_Records shown:_
▼

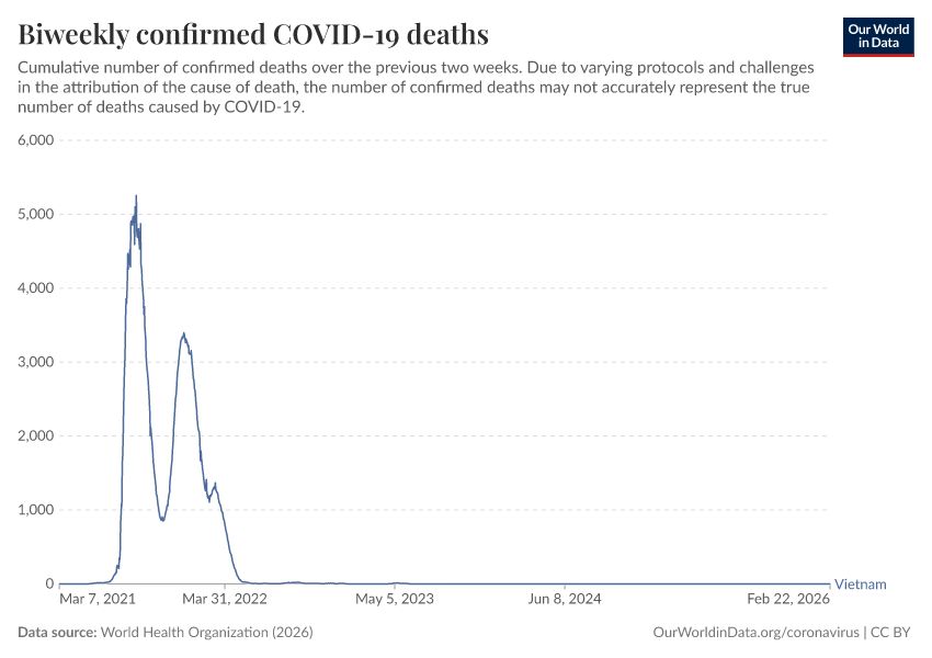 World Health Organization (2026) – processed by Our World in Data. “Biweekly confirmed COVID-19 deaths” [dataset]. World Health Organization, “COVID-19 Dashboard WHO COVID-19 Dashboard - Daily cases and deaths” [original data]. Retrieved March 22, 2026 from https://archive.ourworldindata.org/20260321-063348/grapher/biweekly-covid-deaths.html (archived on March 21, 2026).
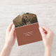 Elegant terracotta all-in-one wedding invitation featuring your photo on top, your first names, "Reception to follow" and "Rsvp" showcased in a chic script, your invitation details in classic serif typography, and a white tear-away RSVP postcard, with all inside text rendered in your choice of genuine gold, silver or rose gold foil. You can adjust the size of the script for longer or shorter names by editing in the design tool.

▲
▼

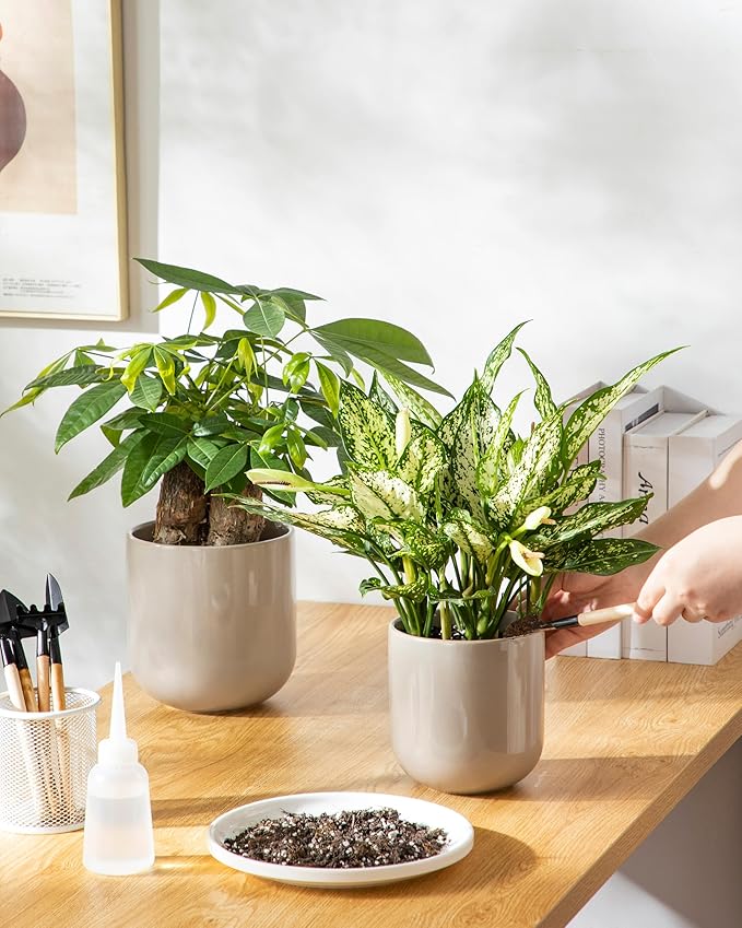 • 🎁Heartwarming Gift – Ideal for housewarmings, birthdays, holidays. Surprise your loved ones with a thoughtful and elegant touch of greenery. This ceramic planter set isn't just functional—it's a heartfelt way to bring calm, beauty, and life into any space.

▲
▼

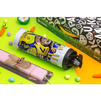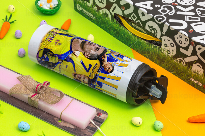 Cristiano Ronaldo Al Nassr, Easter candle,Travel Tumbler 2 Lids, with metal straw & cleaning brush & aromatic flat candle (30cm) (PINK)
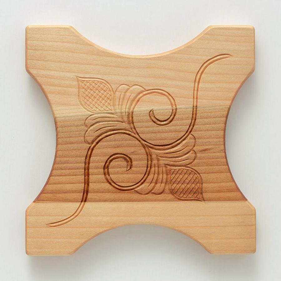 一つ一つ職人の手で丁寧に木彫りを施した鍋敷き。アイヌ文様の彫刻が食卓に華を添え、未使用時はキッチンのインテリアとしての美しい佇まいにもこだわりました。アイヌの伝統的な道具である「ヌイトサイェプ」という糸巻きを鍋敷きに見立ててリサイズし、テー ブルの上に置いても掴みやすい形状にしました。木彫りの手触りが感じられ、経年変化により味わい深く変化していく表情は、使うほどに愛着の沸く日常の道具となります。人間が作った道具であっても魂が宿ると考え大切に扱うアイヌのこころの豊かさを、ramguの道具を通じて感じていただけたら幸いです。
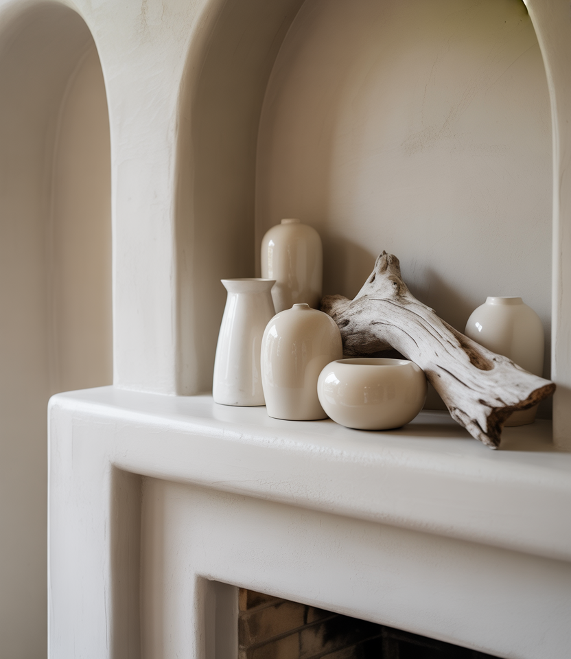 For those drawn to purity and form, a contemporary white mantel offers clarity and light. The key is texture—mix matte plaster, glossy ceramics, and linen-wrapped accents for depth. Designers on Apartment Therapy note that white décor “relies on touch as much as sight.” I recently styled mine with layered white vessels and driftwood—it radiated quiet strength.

▲

With pictures omitted, repeat the entries above word for word from the line holding "World Health Organization (2026)" down to the line holding "Elegant terracotta all-in-one", keeping both of those lines.

_Answer for this exercise:_
 World Health Organization (2026) – processed by Our World in Data. “Biweekly confirmed COVID-19 deaths” [dataset]. World Health Organization, “COVID-19 Dashboard WHO COVID-19 Dashboard - Daily cases and deaths” [original data]. Retrieved March 22, 2026 from https://archive.ourworldindata.org/20260321-063348/grapher/biweekly-covid-deaths.html (archived on March 21, 2026).
 Elegant terracotta all-in-one wedding invitation featuring your photo on top, your first names, "Reception to follow" and "Rsvp" showcased in a chic script, your invitation details in classic serif typography, and a white tear-away RSVP postcard, with all inside text rendered in your choice of genuine gold, silver or rose gold foil. You can adjust the size of the script for longer or shorter names by editing in the design tool.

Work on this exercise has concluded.